In the early morning of May 21, 1920, Carranza's party was attacked by soldiers believed to be under the command of the Herreros. When the dawn came, Carranza was discovered dead from bullet wounds.

Rodolfo Herrero was ordered to Mexico City for questioning. Obregón denounced him for murder and treason. In the Capital, Herrero was questioned at length, but not held. Seven months later, he was confined for a week in the military prison of Santiago Tlaltelolco. He was stripped of his military rank and cashiered out of the army, but otherwise allowed to go free.

Herrero was subsequently reinstated as a general during the presidency of Obregón, only to be dismissed again during the presidency of Lázaro Cárdenas in 1937. His brother Hermilo Herrero joined forces with Francisco "Pancho" Villa.
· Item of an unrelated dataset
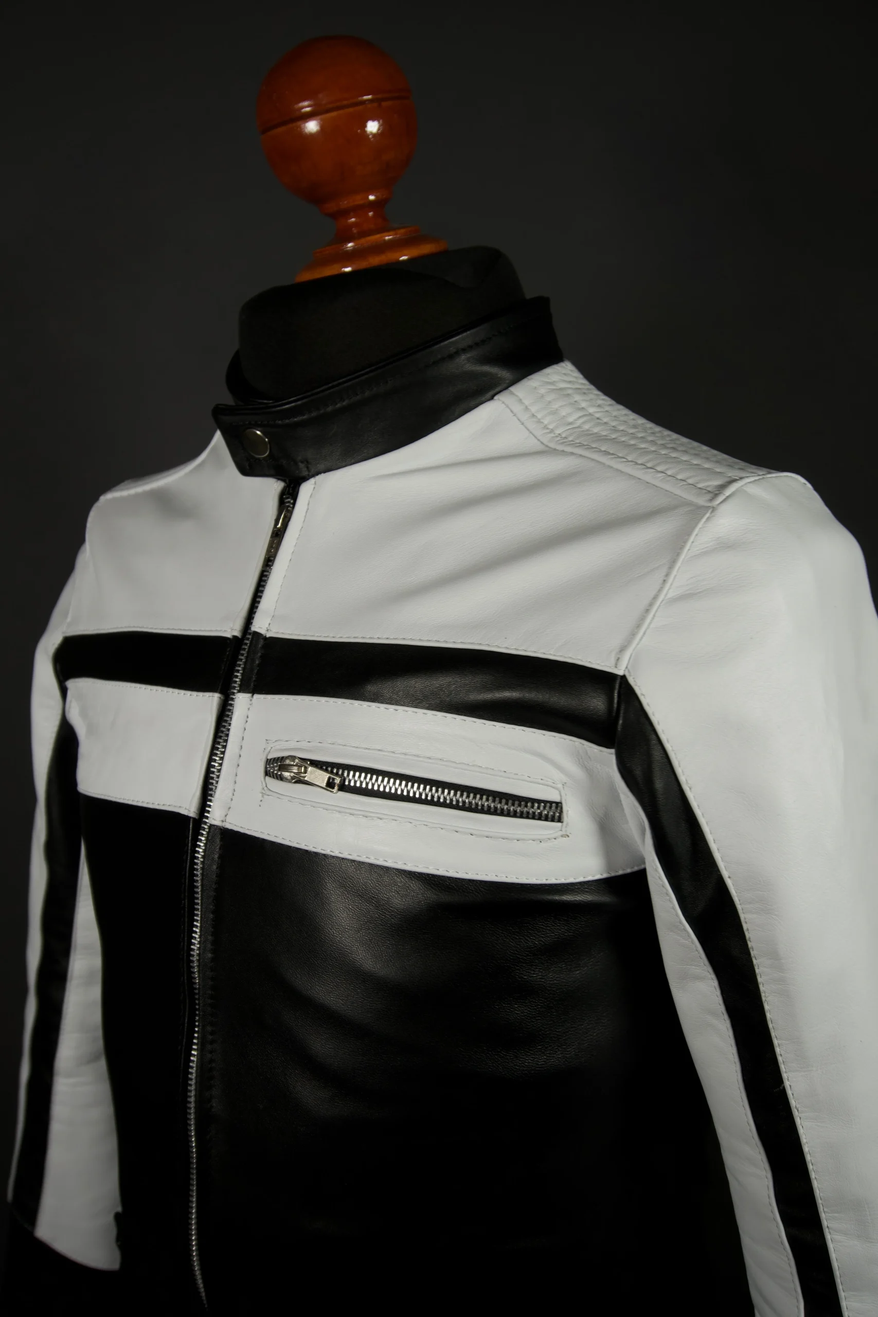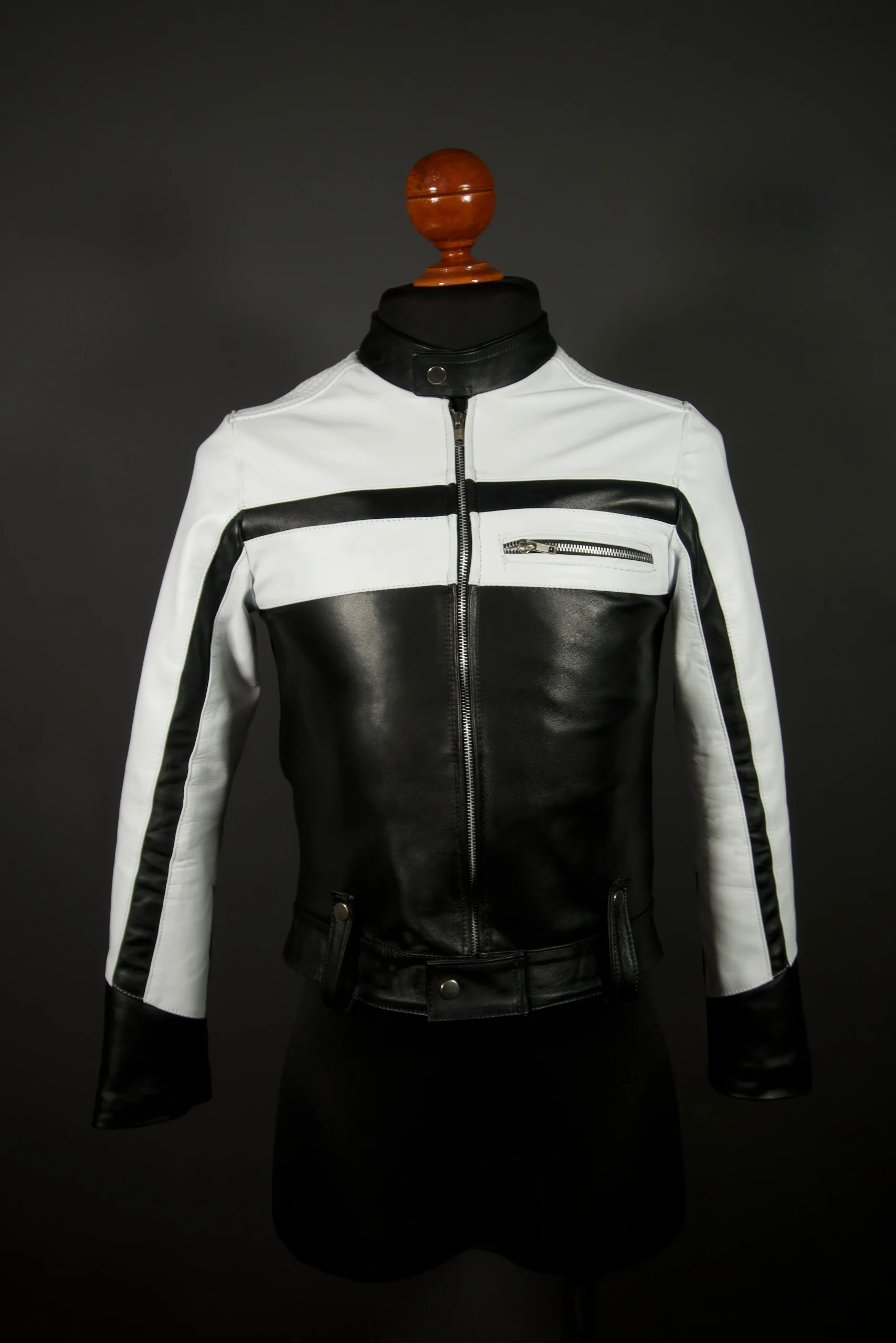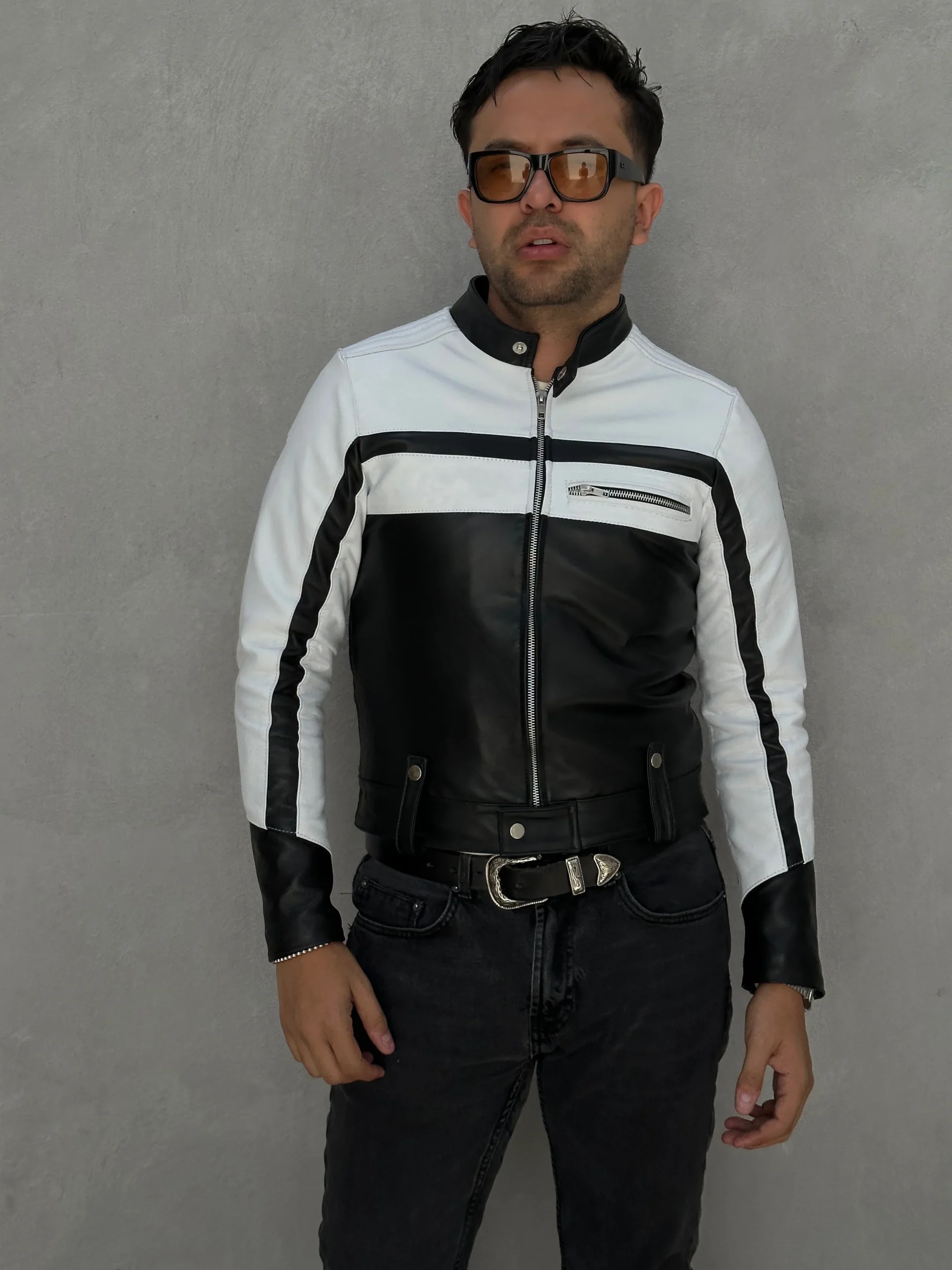 La chamarra Eren Black & White es elaborada con un corte racer croped y piel genuina de primera calidad. Cuenta además con detalles en los puños y la parte inferior de la prenda, para un look único. Esta chaqueta te ofrece el diseño característico de una chaqueta Racer, con un acabado innovador.

He slowly moved up the ranks and eventually became a general for the Villa army. He died of natural causes in 1964. He denied that Carranza was murdered. He espoused the alternative theory that Carranza, after being wounded in the leg, had committed suicide, as stated by several eyewitnesses, including Paulino Fontes, Manuel Aguirre, Pedro gil Farias and Ignacio Suarez. This theory presumes that General Basave y Piña never intended to kill Carranza but to capture him.